3. Search and Discovery

Database: Search Engine (e.g., Elasticsearch, Apache Solr)

Provides full-text search and relevance ranking for videos.

{
  "video_id": "abcd1234",
  "title": "My Test Video",
  "description": "This is a demo video for testing.",
  "tags": ["demo", "test"],
  "views": 1000,
  "likes": 50,
  "upload_time": "2024-01-01T12:00:00Z"
}

5. User Activity Logs

Database: Time-Series Database (e.g., InfluxDB, Prometheus)

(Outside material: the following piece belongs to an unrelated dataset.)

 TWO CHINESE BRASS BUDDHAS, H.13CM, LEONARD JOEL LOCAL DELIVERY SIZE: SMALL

Tracks events like views, likes, and watch times.

Schema:

Events Table

CREATE TABLE user_events (
    event_id BIGSERIAL PRIMARY KEY,
    user_id VARCHAR(50),
    video_id VARCHAR(50),
    event_type ENUM('view', 'like', 'dislike', 'comment'),
    timestamp TIMESTAMP DEFAULT NOW(),
    duration INT -- In seconds (for views)
);

6. Analytics and Metrics

Database: Columnar Database (e.g., Apache Pinot, Google BigQuery)

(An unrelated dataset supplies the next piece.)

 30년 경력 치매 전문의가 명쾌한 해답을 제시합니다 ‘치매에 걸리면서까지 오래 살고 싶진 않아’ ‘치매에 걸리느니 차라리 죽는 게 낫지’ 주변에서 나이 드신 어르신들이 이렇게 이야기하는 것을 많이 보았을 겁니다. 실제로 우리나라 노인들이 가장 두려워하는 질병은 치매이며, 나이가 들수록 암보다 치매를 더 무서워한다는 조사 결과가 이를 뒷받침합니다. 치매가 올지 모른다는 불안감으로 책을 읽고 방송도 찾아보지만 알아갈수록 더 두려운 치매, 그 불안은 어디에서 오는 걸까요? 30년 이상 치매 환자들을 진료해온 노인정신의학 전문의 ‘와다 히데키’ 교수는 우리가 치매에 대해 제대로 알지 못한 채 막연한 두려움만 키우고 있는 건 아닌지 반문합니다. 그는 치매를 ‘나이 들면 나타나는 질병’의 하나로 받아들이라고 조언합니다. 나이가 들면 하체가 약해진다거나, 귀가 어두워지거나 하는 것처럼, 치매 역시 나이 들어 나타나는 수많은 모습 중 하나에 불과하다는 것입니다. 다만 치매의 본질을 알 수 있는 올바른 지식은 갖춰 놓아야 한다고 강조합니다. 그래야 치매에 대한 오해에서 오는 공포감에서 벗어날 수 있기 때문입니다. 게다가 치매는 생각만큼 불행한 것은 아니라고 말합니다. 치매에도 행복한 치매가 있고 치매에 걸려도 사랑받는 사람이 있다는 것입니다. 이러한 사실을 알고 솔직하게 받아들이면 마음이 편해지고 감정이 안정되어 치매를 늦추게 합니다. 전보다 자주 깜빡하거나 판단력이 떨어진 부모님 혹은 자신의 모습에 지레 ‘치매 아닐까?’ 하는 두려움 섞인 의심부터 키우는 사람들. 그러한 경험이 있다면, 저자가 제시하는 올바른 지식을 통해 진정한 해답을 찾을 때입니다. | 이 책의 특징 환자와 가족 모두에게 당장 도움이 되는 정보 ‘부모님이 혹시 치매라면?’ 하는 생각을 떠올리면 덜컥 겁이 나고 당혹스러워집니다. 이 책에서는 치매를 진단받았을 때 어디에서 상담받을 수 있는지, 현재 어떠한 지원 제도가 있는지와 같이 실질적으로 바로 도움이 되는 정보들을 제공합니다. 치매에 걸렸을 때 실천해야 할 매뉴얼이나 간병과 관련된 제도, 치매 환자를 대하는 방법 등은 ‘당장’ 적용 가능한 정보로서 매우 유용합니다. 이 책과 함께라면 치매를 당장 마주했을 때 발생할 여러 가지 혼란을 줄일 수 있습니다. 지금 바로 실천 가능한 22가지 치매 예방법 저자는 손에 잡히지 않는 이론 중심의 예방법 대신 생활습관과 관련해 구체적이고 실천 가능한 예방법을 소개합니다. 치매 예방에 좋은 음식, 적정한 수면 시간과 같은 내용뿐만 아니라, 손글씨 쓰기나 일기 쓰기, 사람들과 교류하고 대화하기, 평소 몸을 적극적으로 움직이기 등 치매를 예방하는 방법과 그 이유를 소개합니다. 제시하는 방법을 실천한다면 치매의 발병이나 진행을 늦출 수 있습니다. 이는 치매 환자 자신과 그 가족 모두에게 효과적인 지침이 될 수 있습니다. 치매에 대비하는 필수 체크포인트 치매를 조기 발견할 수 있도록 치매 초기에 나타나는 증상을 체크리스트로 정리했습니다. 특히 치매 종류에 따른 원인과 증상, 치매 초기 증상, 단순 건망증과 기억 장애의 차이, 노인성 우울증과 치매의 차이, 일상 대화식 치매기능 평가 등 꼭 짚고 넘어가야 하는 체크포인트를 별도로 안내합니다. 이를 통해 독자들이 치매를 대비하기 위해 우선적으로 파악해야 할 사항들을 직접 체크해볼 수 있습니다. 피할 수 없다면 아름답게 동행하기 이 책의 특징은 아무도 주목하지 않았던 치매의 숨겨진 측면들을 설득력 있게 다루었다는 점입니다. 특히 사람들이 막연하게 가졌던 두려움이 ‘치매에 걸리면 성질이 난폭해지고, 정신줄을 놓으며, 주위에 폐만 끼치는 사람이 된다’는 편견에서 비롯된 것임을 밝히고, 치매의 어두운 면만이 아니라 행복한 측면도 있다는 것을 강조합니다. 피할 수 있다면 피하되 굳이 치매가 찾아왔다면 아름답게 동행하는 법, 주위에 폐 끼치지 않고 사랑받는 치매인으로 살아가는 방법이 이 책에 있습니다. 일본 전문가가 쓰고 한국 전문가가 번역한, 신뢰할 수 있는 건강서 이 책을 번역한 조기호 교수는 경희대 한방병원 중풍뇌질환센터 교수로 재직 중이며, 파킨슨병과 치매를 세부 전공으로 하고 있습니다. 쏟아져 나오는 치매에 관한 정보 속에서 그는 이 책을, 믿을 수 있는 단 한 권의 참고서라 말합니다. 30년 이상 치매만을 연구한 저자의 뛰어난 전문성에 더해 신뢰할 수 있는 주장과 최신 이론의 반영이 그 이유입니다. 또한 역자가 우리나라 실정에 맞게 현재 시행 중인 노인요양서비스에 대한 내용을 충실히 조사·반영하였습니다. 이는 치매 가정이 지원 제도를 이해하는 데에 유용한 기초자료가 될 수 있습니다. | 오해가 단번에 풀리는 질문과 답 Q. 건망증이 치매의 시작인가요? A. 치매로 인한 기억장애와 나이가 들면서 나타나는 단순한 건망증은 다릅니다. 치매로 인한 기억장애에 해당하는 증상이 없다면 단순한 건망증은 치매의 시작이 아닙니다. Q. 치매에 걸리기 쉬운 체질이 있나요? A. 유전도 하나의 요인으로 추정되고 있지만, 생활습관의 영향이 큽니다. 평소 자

Handles aggregated metrics and analytics queries.

Video Anlaytics Table

CREATE TABLE video_analytics (
    video_id VARCHAR(50),
    date DATE,
    views BIGINT,
    likes BIGINT,
    watch_time BIGINT, -- Total watch time in seconds
    PRIMARY KEY (video_id, date)
);

User Analytics Table

CREATE TABLE user_analytics (
    user_id VARCHAR(50),
    date DATE,
    total_watch_time BIGINT,
    total_videos_watched BIGINT,
    PRIMARY KEY (user_id, date)
);

7. Notifications

Database: Key-Value Store (e.g., Redis, Memcached)

Stores real-time notifications for users.

Schema:

Key: notification:{user_id}

Value: List of notification messages.

{
  "notifications": [
    {
      "message": "New video uploaded by Channel XYZ",
      "timestamp": "2024-01-01T12:00:00Z"
    },
    {
      "message": "Your video has reached 1,000 views!",
      "timestamp": "2024-01-02T14:00:00Z"
    }
  ]
}

8. Caching

Database: In-Memory Cache (e.g., Redis, Memcached)

Caches frequently accessed data like video metadata and recommendations.

Schema:

Key: video:{video_id}
Value: Serialized video metadata.
TTL: Set for invalidation after a specific duration.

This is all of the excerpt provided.